Low concentrations of dibromoacetic acid and N-nitrosodimethylamine induce several stimulatory effects in the invertebrate model Caenorhabditis elegans

• Published in: Chemosphere (Oxford) Vol. 124; pp. 122 - 128
• Main Authors: Baberschke, Nora, Steinberg, Christian E.W., Saul, Nadine
• Format: Journal Article
• Language: English
• Published: England Elsevier Ltd 01.04.2015
• Subjects: Acetates - toxicity; Animals; Body Size - drug effects; Caenorhabditis elegans - drug effects; Caenorhabditis elegans - physiology; Dibromoacetic acid; Dimethylnitrosamine - toxicity; Dose-Response Relationship, Drug; Down-regulation; Energy conservation; Energy Metabolism - drug effects; Environmental Pollutants - toxicity; Gene transcription; Genes; Invertebrates; Life history traits; Life span; Longevity - drug effects; Low concentrations; N-nitrosodimethylamine; Stimulatory effects; Stress concentration; Stresses; Toxic; Toxicology; Stimulatory effects; Life history traits; N-nitrosodimethylamine; Dibromoacetic acid; Down-regulation; Gene transcription
• ISSN: 0045-6535; 1879-1298
• DOI: 10.1016/j.chemosphere.2014.12.002

•Dibromoacetic acid and N-nitrosodimethylamine are ubiquitously distributed.•Both are considered toxic and carcinogenic at high concentrations.•Stimulatory effects on C. elegans were detected at relatively low concentrations.•DBAA and NDMA have life-extending effects and increase body length.•The down-regulation of most stress-related genes may indicate an energy saving mode.

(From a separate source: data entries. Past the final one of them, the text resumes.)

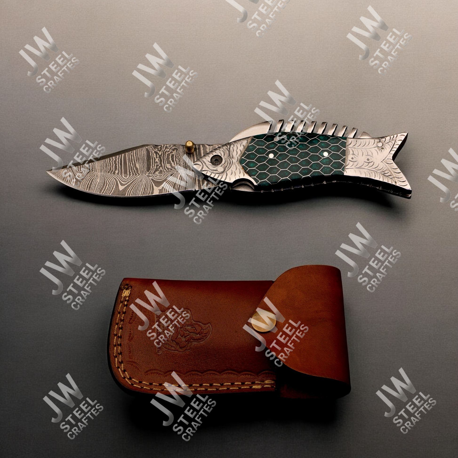 Hand-Forged Damascus Steel Folding Knife – Green Honeycomb Resin Fish Handle with Leather Sheath | Custom Collectible Gift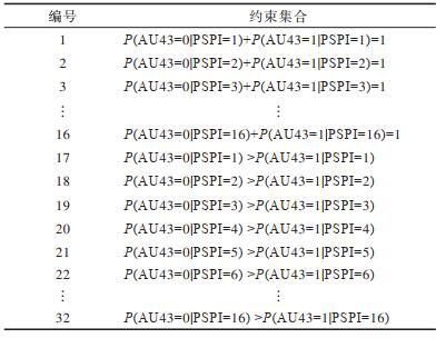 2.2 基于BN建模的疼痛表情识别根据BN结构模型中Pain Expression节点状态与AU节点状态的关系,并结合领域专家的经验可获取以下类似的约束:P(AU43=0|PSPI=1) > P(AU43=1|PSPI=1)。该含义为在表情疼痛程度PSPI=1的条件下,AU43强度评估值为0的概率大于其强度评估值为1的概率。将该约束条件引入BN参数学习机制,并通过改变权重加权的方式与样本数据融合进行参数学习,从而缩小寻优空间,并提高参数估算的精度。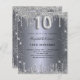 Budget 10th birthday silver glitter invitation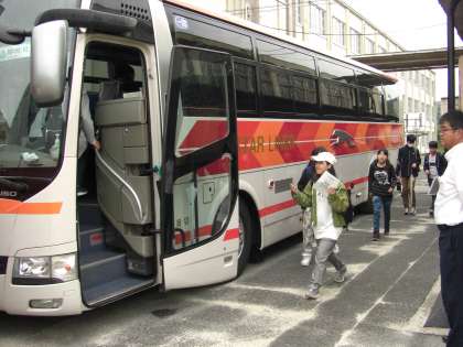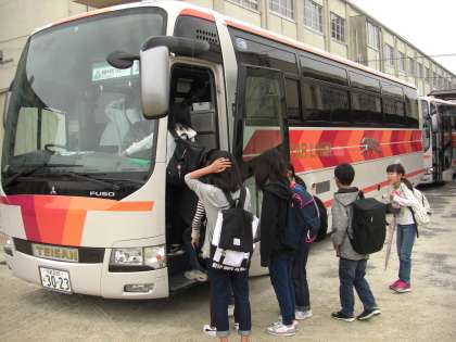 今日は1年生は校外学習です。「青少年野外活動総合センター 友愛の丘」へバスで向かいます。現地では,各班ごとに飯盒炊さんに取り組んだり,集団行動のルールを学んだりします。今日はあいにくの雨ですが楽しんできてください。

Dibromoacetic acid (DBAA) and N-nitrosodimethylamine (NDMA) have natural and anthropogenic sources and are ubiquitously distributed in the environment. They are classified as toxic and carcinogenetic and various studies have addressed their effects on vertebrates. Furthermore, there is no information about the whole-organism effects at low concentrations or about their impact on invertebrates. Therefore, these compounds were studied with the model invertebrate Caenorhabditis elegans (C. elegans) at relatively low concentrations. Biological tests (life span, reproduction, body size, thermal stress resistance) as well as biochemical (pro- and antioxidative capacity and lipid peroxidation) and biomolecular assays (transcription of stress genes) were performed. None of the applied concentrations showed a toxic potential. Instead, they extended life span and increased the body length. Both xenobiotics did not cause oxidative stress or DNA damages, or acted as endocrine disruptors. The stimulatory effects on C. elegans were most likely not a result of an induced protective stress response. Instead, an ‘energy saving mode’, indicated by the reduced transcription of many stress response genes, could have provided additional resources for longevity and growth. Although both substances are potentially toxic at higher doses, the present study underlines the importance of testing lower concentrations and their impact on invertebrates.